Road to #2: the meeting.

Today was the "big day".  We went and met with the adoption attorney this afternoon after I got off of work.  We met for about an hour and a half and received lots of good info.  She gave us this big binder with all kinds of information and paperwork (of course).  Unfortunately there is not much exciting to report here.  It was just a pretty matter-of-fact event. 

We cannot begin to be considered for situations or anything until our homestudy gets updated and in NY (of course, stupid extra laws) we have to be "certified" by our county to be adoptive parents since it would be considered a private adoption.  Price tag for that extra little piece of paperwork? -- $1,000.  So I guess I need to get my butt in gear and begin listing more stuff on eBay.

We also spoke about situations that I (I don't say Kevin because he doesn't scour the internet like I do) hear about online or through email.  She will be able to find out "the real deal" with these and act as our advocate.

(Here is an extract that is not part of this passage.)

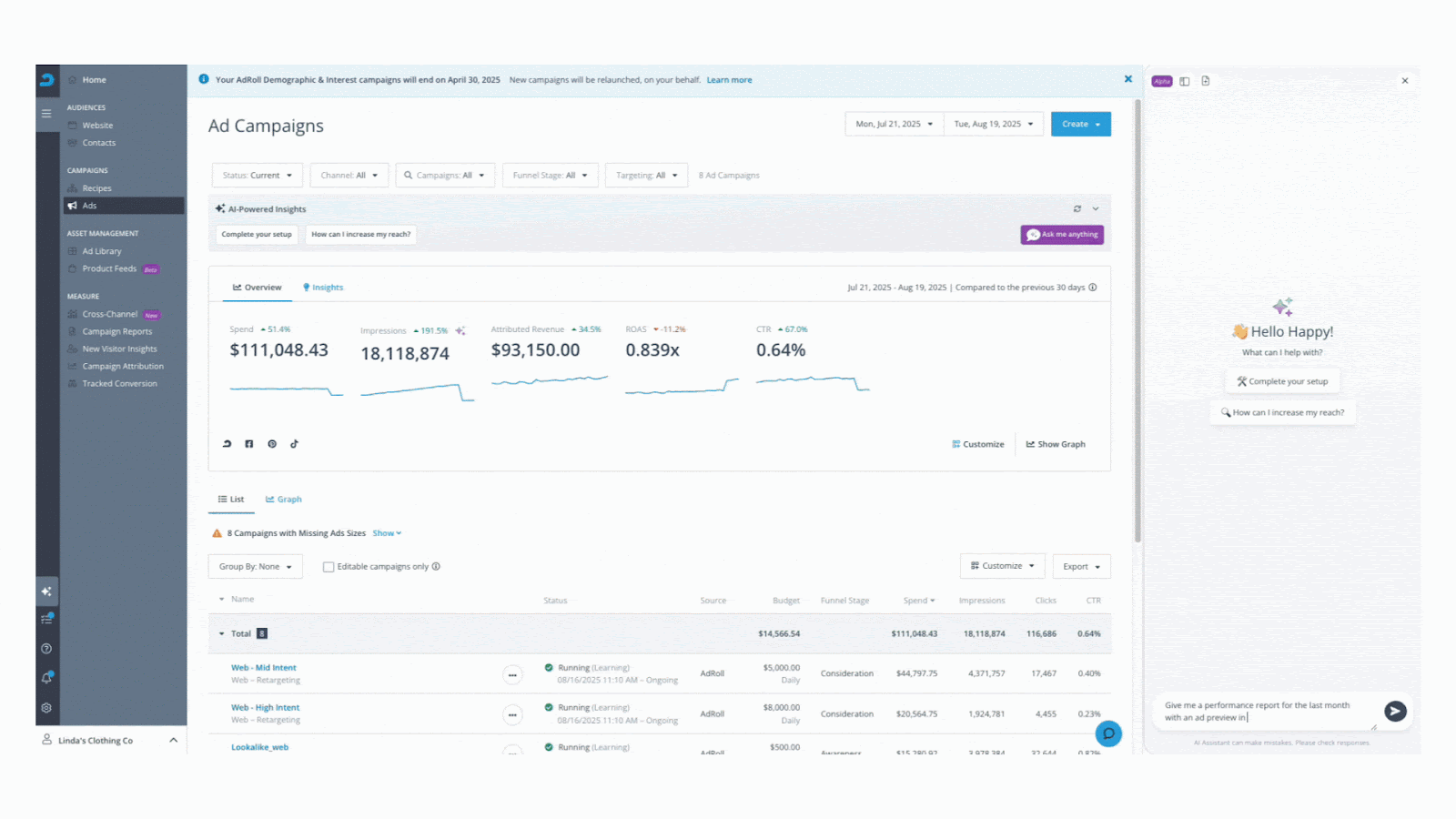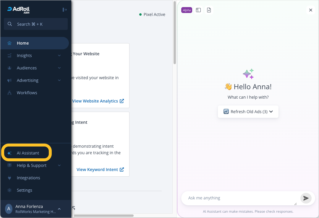 The AdRoll AI Assistant helps simplify that work by providing intelligent guidance, helping you identify and implement optimizations, and generating tailored reports. In AdRoll ABM, the assistant can be opened from the left-hand navigation whenever you need support with critical steps in your advertising process.

Which I think is FABULOUS.  I don't know the right questions to ask nor do I know the laws in every state.  So friends out there, who I know are reading this, please keep us in mind if you hear of a difficult-to-place situation at your agency or one you hear of privately.  We want to help! 


So tomorrow I begin calling around to get our homestudy updated.  She did recommend someone who could do it for us and is very thorough.  I hope she doesn't charge too much... We shall see!

Sorry for the non-stimulating post.  But I promised to keep you all in the loop and I am! :)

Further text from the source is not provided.